17. The computer-implemented method of claim 16, further comprising generating the group diversity scores by:
determining sets of anomalous metric scores for the anomalous metrics associated with the nodes in connected node groups; and
generating the group diversity scores by combining the sets of anomalous metric scores.
18. The computer-implemented method of claim 15, further comprising generating the model diversity score by:
determining the group diversity scores for each connected node group in the graph; and
generating the model diversity score by averaging the group diversity scores.

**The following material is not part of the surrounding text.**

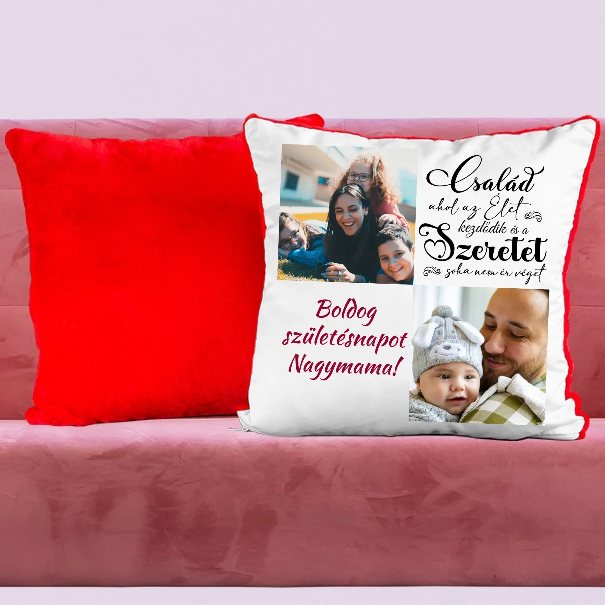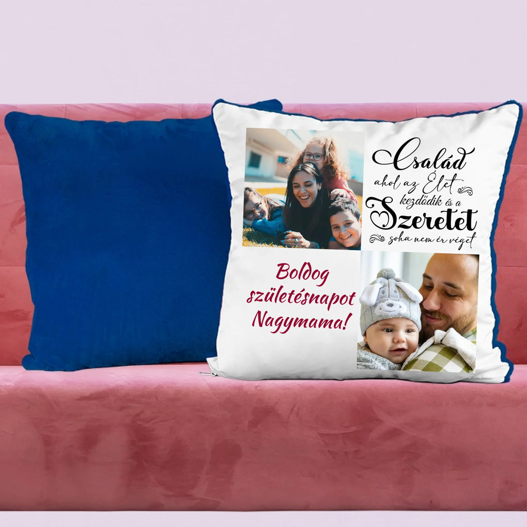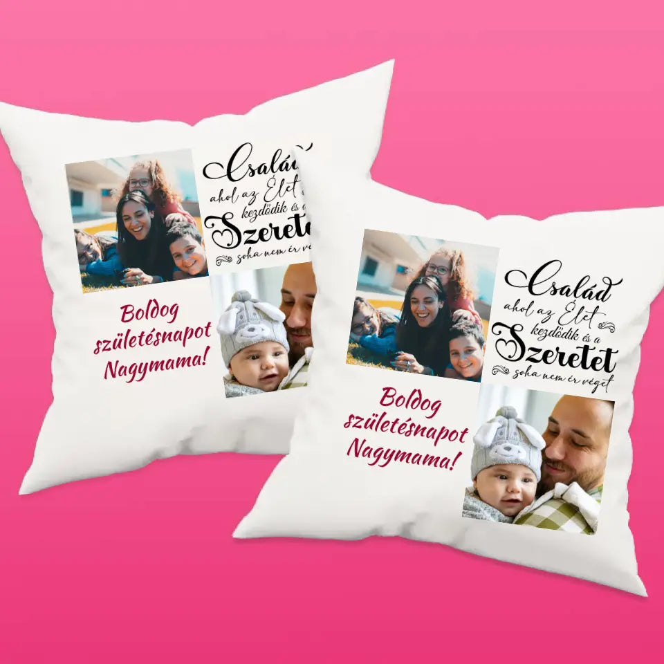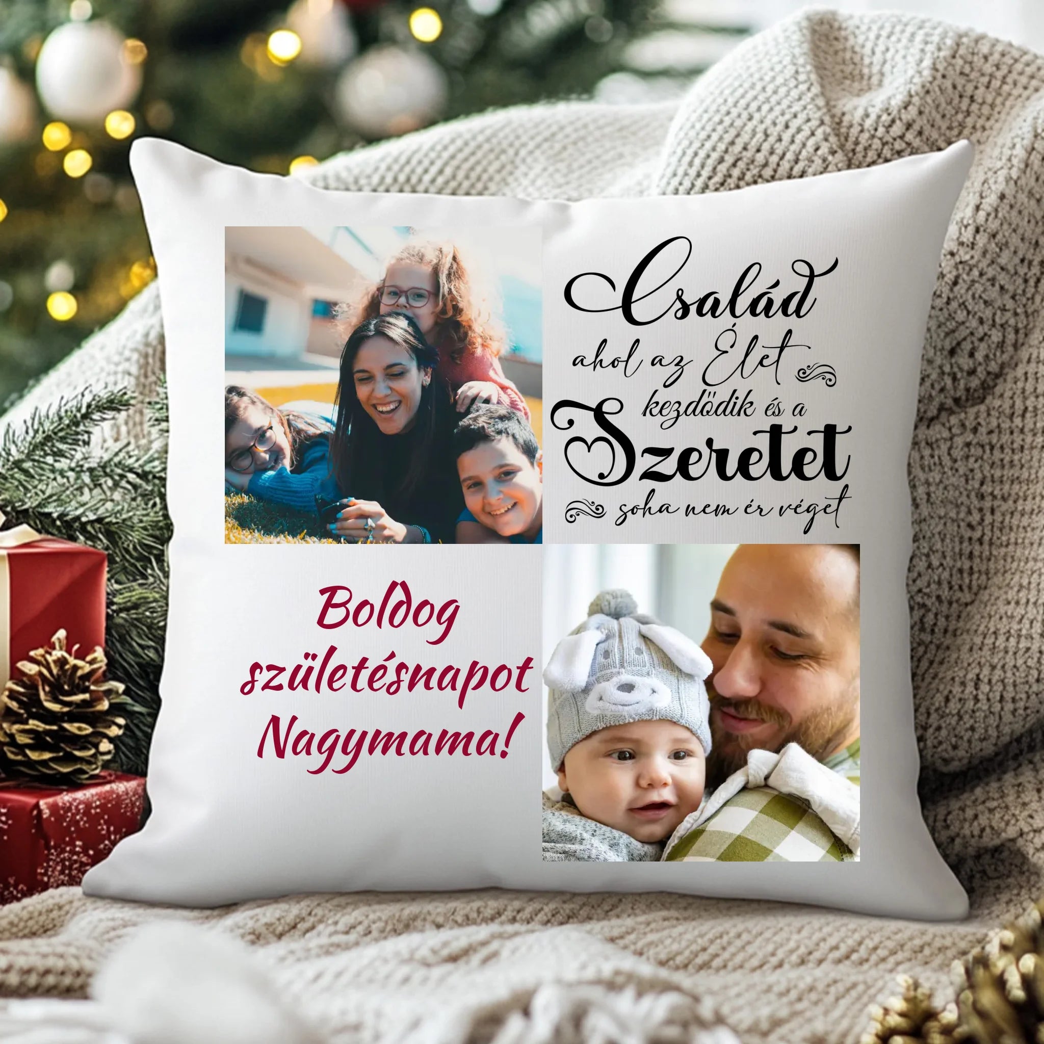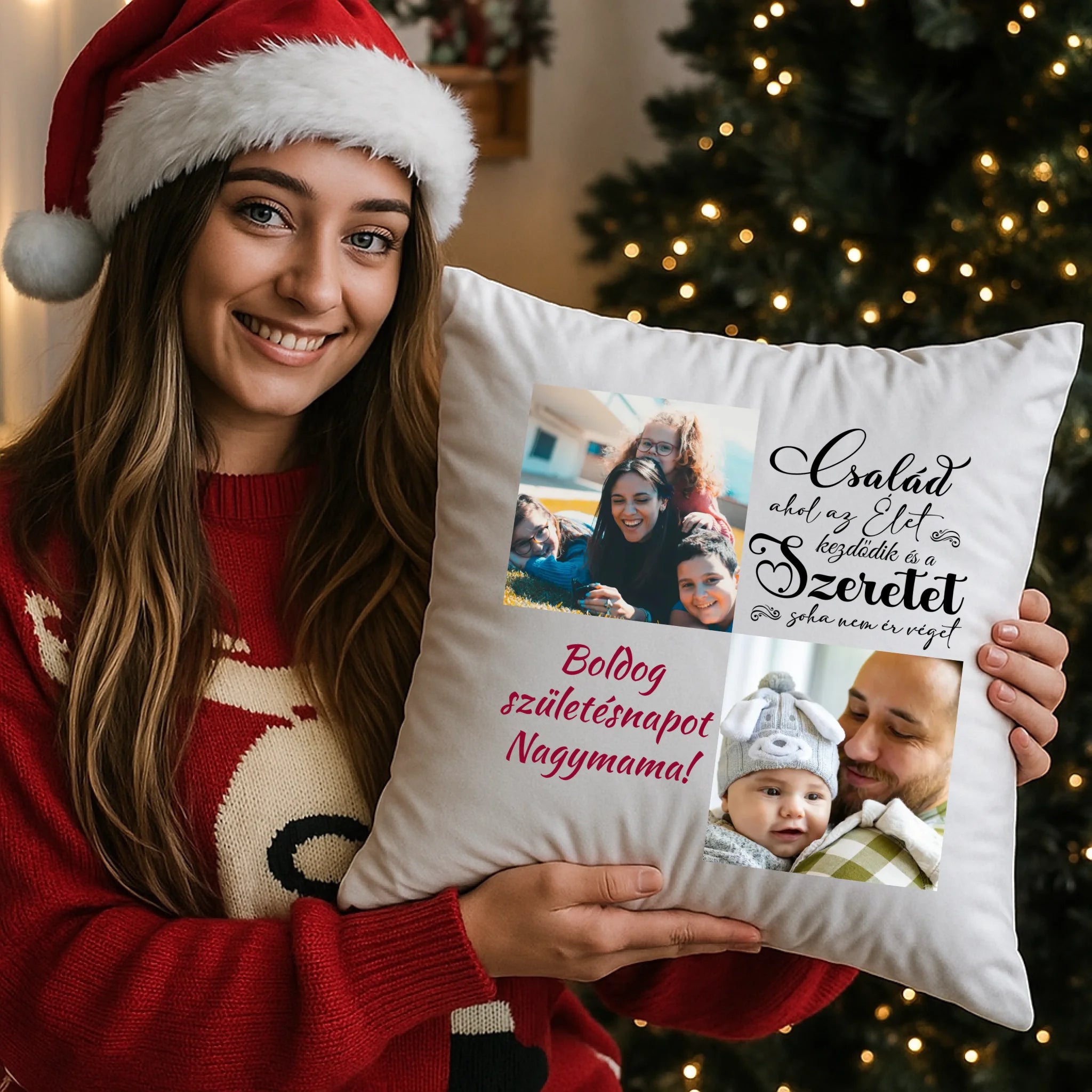Egyedi fényképes párna 2 saját fotóddal, egyedi szöveggel

19. The computer-implemented method of claim 15, wherein:
each anomalous metric in the set of anomalous metrics is associated with a metric having a metric name and a set of dimensions; and
anomalous metrics are uniquely identified by combining the metric name with the set of dimensions as a metric identifier.
20. A system comprising:
a processing system having a processor; and
a computer memory including instructions that, when executed by the processing system, cause the system to carry out operations comprising:
identifying a set of generative text responses from a generative AI model in response to providing the generative AI model with sets of anomalous metrics, wherein a first generative text response from the set of generative text responses corresponds to a first set of anomalous metrics from the sets of anomalous metrics provided to the generative AI model;
generating a graph with a set of nodes based on the set of generative text responses, wherein a first node in the graph corresponds to the first generative text response and is associated with the first set of anomalous metrics;
determining a first group diversity score for a first connected node group that includes the first node based on anomalous metrics associated with nodes within the first connected node group including the first set of anomalous metrics;
determining a model diversity score for the generative AI model based on combining multiple group diversity scores including the first group diversity score; and
providing a model diversity indication for the generative AI model that is based on the model diversity score.